§ Work required
Your answer should be the records again, unchanged in wording and free of images.

§ Data excerpts
•••••
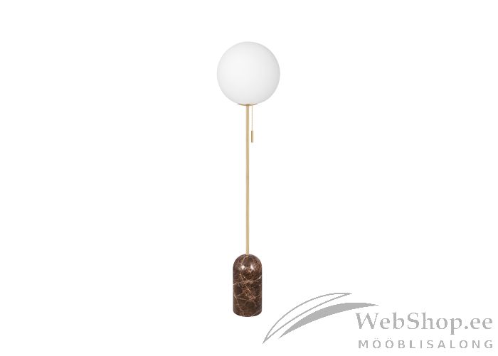 Valget värvi opaalklaasist kupliga põrandalamp. Lambi jalg on pruuni värvi marmorist ja messingu tooni metallist. Lambile sobib elektripirn max 60W, sokliga E27. Valgusallikas ei kuulu komplekti. Lüliti asub lambi peal. Kaabel on 200cm. Skandinaavia disain.
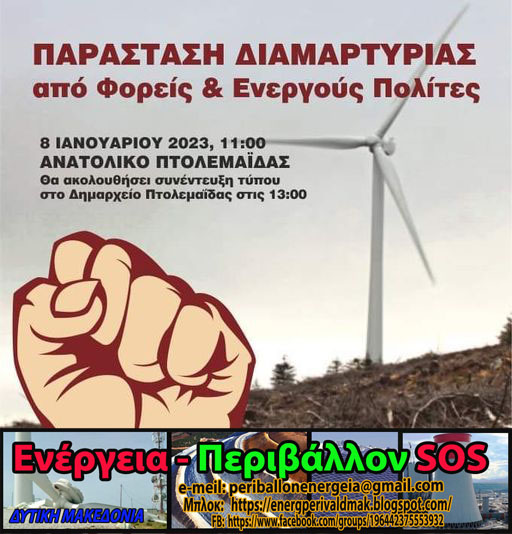 Η ενωτική κίνηση «Ενέργεια – Περιβάλλον SOS Δυτικής Μακεδονίας» στηρίζει και συμμετέχει στην κινητοποίηση φορέων και πολιτών στο Ανατολικό Εορδαίας κατά των ανεμογεννητριών στο Βέρμιο !
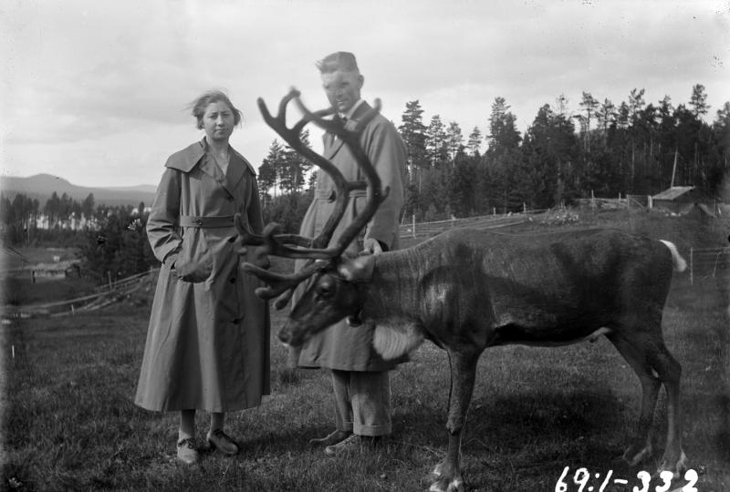 man och kvinna med ren; Om fotografen Anders Jakobsson berättar hans dotter Elin Jakobsson i boken "Porsi i ord och bild" från 1992.Hon berättar att fadern var fotograf. Den första i "södra delen av socken". Wästfelt från Jokkmokk var fotograf i Norra delen. Anders började nog fotografera 1899-1901. Glasplåtar. Det fotograferades till vigslar, barndop, begravningar, beväringsfoton, familjefoton, ja det mesta som hände i bygden. Enligt boken dog Anders Jakobsson föräldrar och barnen utackorderades då. Den äldste sonen Anders Jakobsson kom till en bondgård ett par mil längre bort som heter Padjerim. Där fick han slita ont med så lite materiella förnödenheter som möjligt. Någon hästkarl var han nu inte, han hade desto mer håg för maskiner och dylikt. Den lille klena gossen sysslade med sina uppfinningar, till de äldre och kamraternas förundran. Han var ej lik de andra. Anders var medlem i Missionsvännerna i bygden. Han skänkte marken som Missionshuset byggdes på i Porsi. Anders Jakobsson sysslade med mycket, som hans kropp orkade med. Han var klockslagare, och lagade allt möjligt, han snickrade m.m. När han fyllt 50 år tog han körkort i Luleå. Han köpte den första bilen i Porsi, år 1923, tydligen en lastbil. Anders Jacobsson föddes år 1865 och dog år 1940.
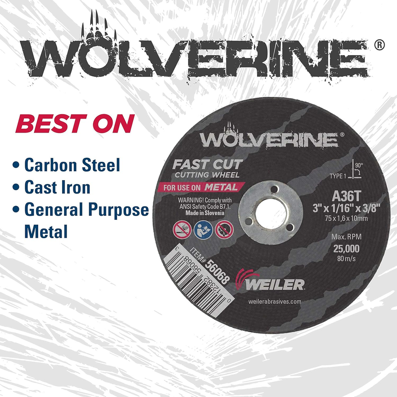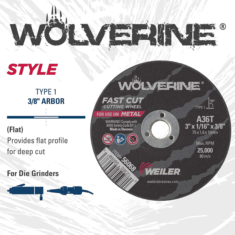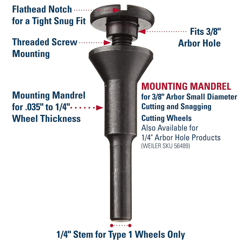 Weiler Mounting Mandrel for Cut-off Wheels with 3/8" Arbor Hole and 1/4" Stem. The 10 Wolverine cut-off wheels are made with a resin-bond formulated for aggressive stock removal and fast cutting. This bundle includes 1 Mandrewl and 10 3" Wolverine Cutting Discs. Weiler is a 4th Generation Family-Owned compay headquartered in Cresco, PA. Click on the Weiler link at the top of this page to visit the Weiler Brand Store.
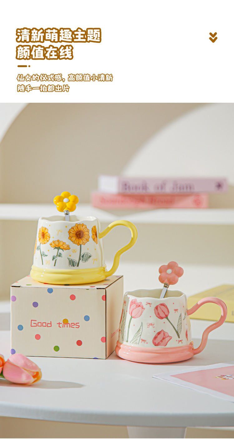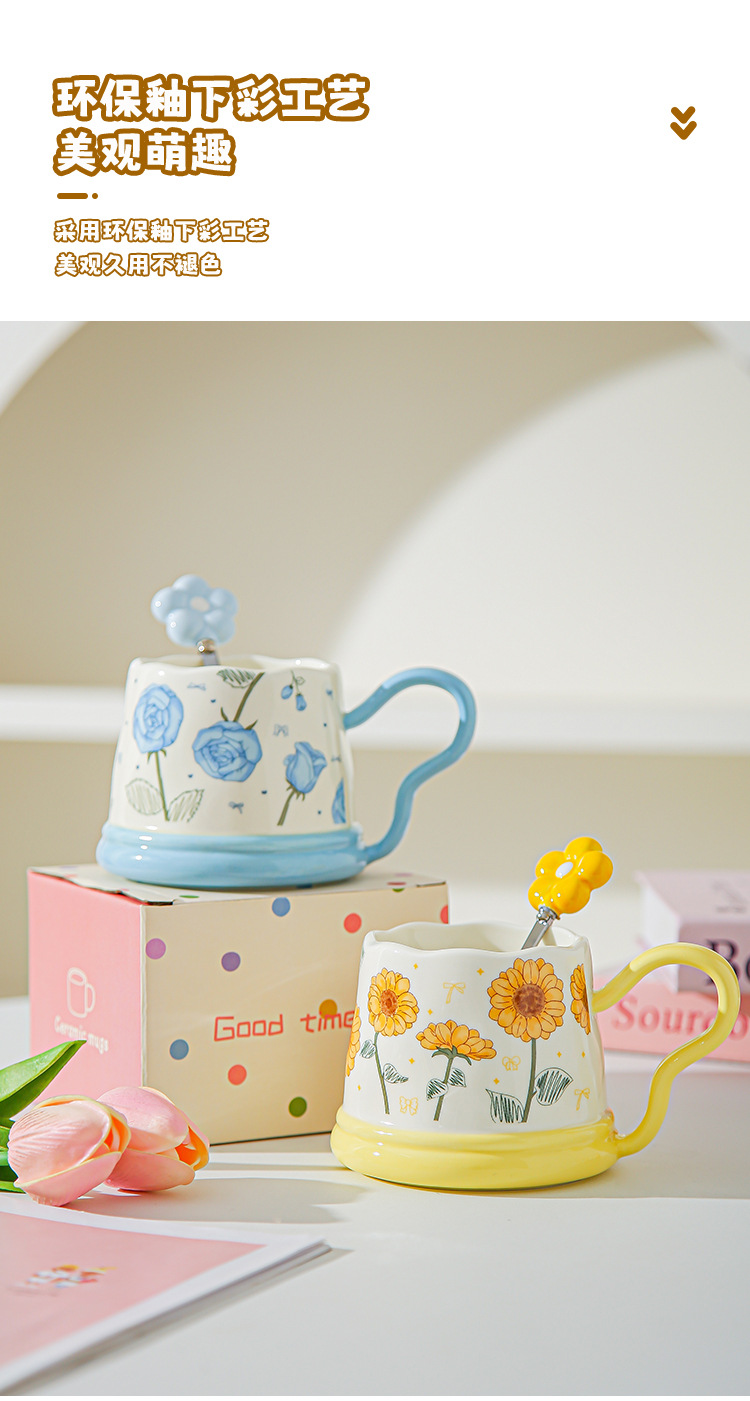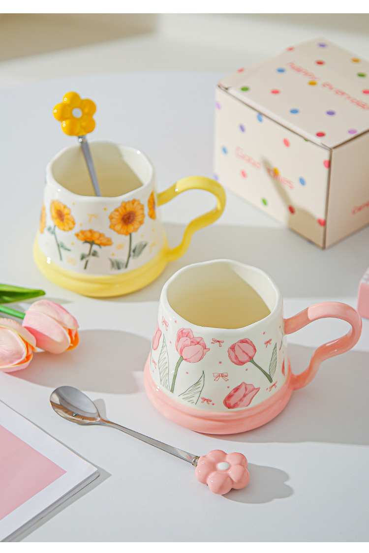 Regalos de mano pequeños regalos de tazas de girasoles de cerámica para el hogar set tazas de tazas de tulipán
•••••
§ Answer below
 Valget värvi opaalklaasist kupliga põrandalamp. Lambi jalg on pruuni värvi marmorist ja messingu tooni metallist. Lambile sobib elektripirn max 60W, sokliga E27. Valgusallikas ei kuulu komplekti. Lüliti asub lambi peal. Kaabel on 200cm. Skandinaavia disain.
 Η ενωτική κίνηση «Ενέργεια – Περιβάλλον SOS Δυτικής Μακεδονίας» στηρίζει και συμμετέχει στην κινητοποίηση φορέων και πολιτών στο Ανατολικό Εορδαίας κατά των ανεμογεννητριών στο Βέρμιο !
 man och kvinna med ren; Om fotografen Anders Jakobsson berättar hans dotter Elin Jakobsson i boken "Porsi i ord och bild" från 1992.Hon berättar att fadern var fotograf. Den första i "södra delen av socken". Wästfelt från Jokkmokk var fotograf i Norra delen. Anders började nog fotografera 1899-1901. Glasplåtar. Det fotograferades till vigslar, barndop, begravningar, beväringsfoton, familjefoton, ja det mesta som hände i bygden. Enligt boken dog Anders Jakobsson föräldrar och barnen utackorderades då. Den äldste sonen Anders Jakobsson kom till en bondgård ett par mil längre bort som heter Padjerim. Där fick han slita ont med så lite materiella förnödenheter som möjligt. Någon hästkarl var han nu inte, han hade desto mer håg för maskiner och dylikt. Den lille klena gossen sysslade med sina uppfinningar, till de äldre och kamraternas förundran. Han var ej lik de andra. Anders var medlem i Missionsvännerna i bygden. Han skänkte marken som Missionshuset byggdes på i Porsi. Anders Jakobsson sysslade med mycket, som hans kropp orkade med. Han var klockslagare, och lagade allt möjligt, han snickrade m.m. När han fyllt 50 år tog han körkort i Luleå. Han köpte den första bilen i Porsi, år 1923, tydligen en lastbil. Anders Jacobsson föddes år 1865 och dog år 1940.
 Weiler Mounting Mandrel for Cut-off Wheels with 3/8" Arbor Hole and 1/4" Stem. The 10 Wolverine cut-off wheels are made with a resin-bond formulated for aggressive stock removal and fast cutting. This bundle includes 1 Mandrewl and 10 3" Wolverine Cutting Discs. Weiler is a 4th Generation Family-Owned compay headquartered in Cresco, PA. Click on the Weiler link at the top of this page to visit the Weiler Brand Store.
 Regalos de mano pequeños regalos de tazas de girasoles de cerámica para el hogar set tazas de tazas de tulipán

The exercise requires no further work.